Contemporary nationwide patterns of self-reported prostate-specific antigen screening in US veterans.

Pucheril, D., Sammon, J.D., Sood, A., Abdollah, F., Choueiri, T.K., Meyer, C., … & Trinh, Q-D., (2015). Contemporary nationwide patterns of self-reported prostate-specific antigen screening in US veterans. Urologic Oncology, 33, 503.e7–503.e15.

Introduction and objectives:The quality of medical care to US veterans, as provided by the Veterans Health Administration, has recently been subjected to heightened scrutiny. We sought to report prostate-specific antigen screening (PSAS) in a contemporary cohort of veteran men (VM) vs. nonveteran men (NVM). We hypothesize that VM are less likely to receive age-appropriate PSAS compared with NVM. 

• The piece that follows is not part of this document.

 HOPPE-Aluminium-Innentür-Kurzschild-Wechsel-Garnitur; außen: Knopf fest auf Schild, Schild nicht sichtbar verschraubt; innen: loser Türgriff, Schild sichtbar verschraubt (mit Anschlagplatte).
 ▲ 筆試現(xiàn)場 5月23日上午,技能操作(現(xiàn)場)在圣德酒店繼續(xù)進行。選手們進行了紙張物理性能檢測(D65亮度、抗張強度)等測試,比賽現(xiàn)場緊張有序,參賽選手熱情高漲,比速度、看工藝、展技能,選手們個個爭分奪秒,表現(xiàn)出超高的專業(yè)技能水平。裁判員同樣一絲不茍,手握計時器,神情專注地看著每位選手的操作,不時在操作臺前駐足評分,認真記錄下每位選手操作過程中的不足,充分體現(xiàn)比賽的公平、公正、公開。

Materials and methods: We identified VM and NVM aged 55 to 69 years without history of prostate cancer who underwent PSA testing in the year preceding that of the 2012 Behavioral Risk Factor and Surveillance System survey. The prevalence of PSAS among VM and NVM was determined in aggregate and on a state-by-state basis. Complex samples logistic regression models calculated the odds of PSAS based on veteran status, adjusted for patient/demographic characteristics. 

Results: In all, 56,962 responses were collected, yielding a weighted estimate of 23.7 million men, of which 30.5% were VM. Overall, 45.2% (CI: 43.9%–46.5%) of VM reported PSAS compared with only 37.5% (CI: 36.5%–38.5%) of NVM. VM were more likely to have health insurance (92.0%; CI: 91.3%–92.8% vs. 86.2%; CI: 85.4%–87.0%) and a regular health care provider (89.0%; CI: 88.2%–89.8% vs. 85.9%; CI: 85.1%–86.6%) compared with NVM. Unadjusted prevalence of PSAS varied widely across the United States for VM and NVM. In multivariable analyses, VM had higher odds for PSAS (odds ratio =1.10, CI: 1.02%–1.18%). 

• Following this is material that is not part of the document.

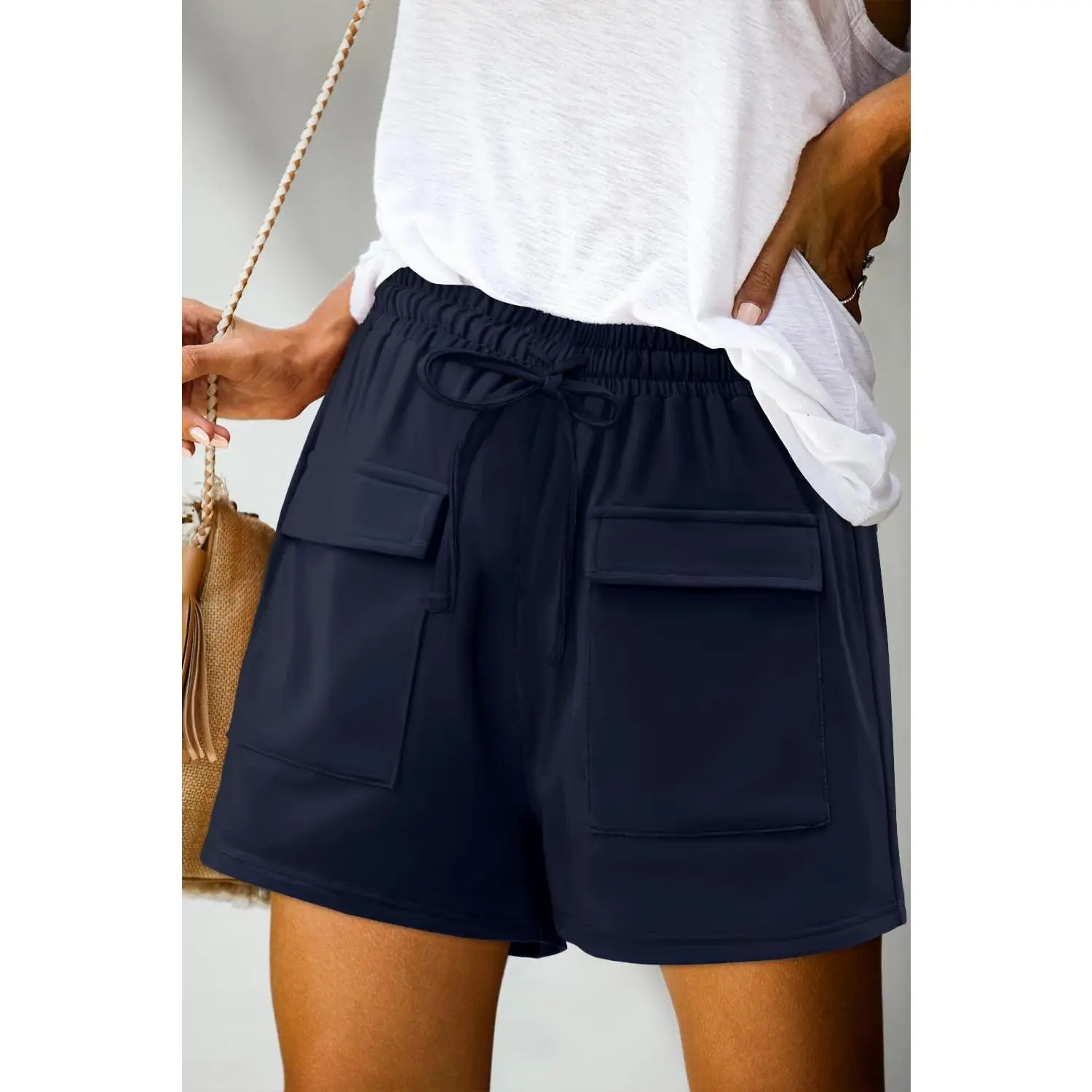 Design:Mid-rise elastic waistband for stretchy fit,Pockets in sides,Adjustable waist drawstring,Wide and comfortable short legs can give you the perfect wearing experience

Conclusions: Contrary to our initial hypothesis, our findings suggest a continued pattern of greater preventive health services use by veterans. VM were more likely to undergo PSAS than NVM. This is, in part, attributable to better access to primary care and health insurance. Nonetheless, heterogeneity in screening practices remained largely dependent on geography.